As UGGT1 can be co-purified with the 3D polymerase, we speculated that UGGT1 may facilitate EVA71 replication by enhancing viral RNA synthesis. To ascertain this, we first monitored viral RNA production in NC or UGGT1 siRNA-treated RD cells that were subsequently infected with EVA71. Intracellular RNA was isolated at different intervals post-infection, and EVA71 viral RNA was measured using quantitative real-time reverse transcription polymerase chain reaction (RT-PCR). Results showed that viral RNA production was 33% lower in UGGT1 siRNA-treated cells, as compared to NC siRNA-transfected cells (Fig 5C). Viral RNA levels were further investigated in Uggt1 knockdown cells. EVA71 was used to infect cells, and viral RNA was extracted at various timepoints post-infection. Slot blot analysis, using specific RNA probes that recognize positive or negative sense EVA71 RNA, was used to monitor viral RNA synthesis. The results in Fig 5D show that levels of both positive and negative sense EVA71 RNA were lower in UGGT1 siRNA-treated cells than NC siRNA-treated cells; specifically, positive-strand RNA levels were reduced by 20% in UGGT1 siRNA-treated cells, while negative-strand RNA levels were reduced by 54% (Fig 5D). These results suggest that UGGT1 likely acts to enhance viral RNA synthesis during EVA71 infection.
UGGT1 deploys to the cytosol and colocalizes with viral proteins 3D, 3A, and 3AB in the membrane fraction
UGGT1 is a key quality control factor and protein folding sensor of the ER. To determine the localization of UGGT1 in cells following EVA71 infection, we used an anti-calnexin (CNX) antibody to evaluate proteins located in the ER in an immunoprecipitation assay. CNX is a transmembrane protein on the ER. In the absence of infection, UGGT1 and CNX were shown to colocalize in the ER (Fig 6A, panels 5 and 21), but some UGGT1 began deploying out of the ER to colocalize with the 3D viral polymerase upon EVA71 infection (Fig 6A, panels 20 and 22), to the point where little UGGT1 remained in the ER with CNX. UGGT1 and CNX signals overlapped by more than 75% in mock-infected cells, but this overlap was reduced to less than 55% in EVA71-infected cells (Fig 6B). We further performed subcellular fractionation to separate the cytosol and microsome fractions in mock- or EVA71-infected cell extracts. Microsomes are vesicle-like artifacts re-formed from pieces of the ER when cells are broken up in the laboratory, and can be separated from other cellular components by differential centrifugation. The cellular protein, calnexin, serves as a marker for the ER component in the microsome fraction. UGGT1 was predominantly located within the ER microsome in the mock cell lysates (Fig 6C, lanes 3 and 5); however, during EVA71 infection, UGGT1 was found to deploy out of the ER microsome.
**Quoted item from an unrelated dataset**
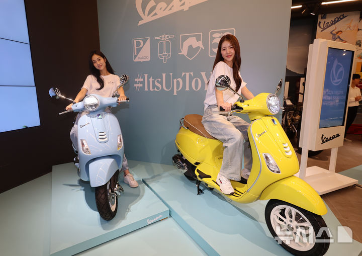 [서울=뉴시스] 김근수 기자 = 6일 서울 강남구 베스파 모토플렉스 서울점에서 열린 이탈리아 아이코닉 모터사이클 브랜드 베스파(VESPA) 신모델 출시행사에서 모델들이 프리마베라와 스프린트S를 선보이고 있다. 2024.09.06. [email protected]

The proportion of UGGT1 external to the ER rose from 11% to 37% upon viral infection (Fig 6C, lane 3 and 4).
(A) Mock-infected or EVA71-infected cells were fixed and stained with anti-3D, anti-UGGT1, and anti-CNX antibodies at 2, 4, and 6 h post-infection. Use of an anti-3D antibody is shown in panels 1, 6, 11, and 16, which were examined using a cy5 filter. Use of an anti-UGGT1 antibody is shown in panels 2, 7, 12, and 17, which were examined using an FITC filter. Use of an anti-CNX antibody is shown in panels 3, 8, 13, and 18, which were examined using a rhodamine filter. Panels 4, 9, 14, and 19 indicate Hoechst 33258 staining, and were examined with a DAPI filter. Panel 21 displays enlargement zone 1 from panel 5. Panel 22 displays enlargement zone 2 from panel 20. (B) Percentage of UGGT1 and CNX signal overlap as calculated with ImageJ JACoP plugins from images shown in (A). The data shown represent the average and standard deviation of ten randomly selected images. ***P < 0.001, as calculated by two-tailed unpaired Student’s t-test. (C) RD cells were infected with EVA71, harvested at 6 h post-infection, separated into cytosol and microsome fractions, and subjected to Western blot analysis using anti-UGGT1 antibody. The same blot was also probed with anti-calnexin, anti-3D, and anti-3A antibodies. The results are representative of at least three independent and reproducible experiments.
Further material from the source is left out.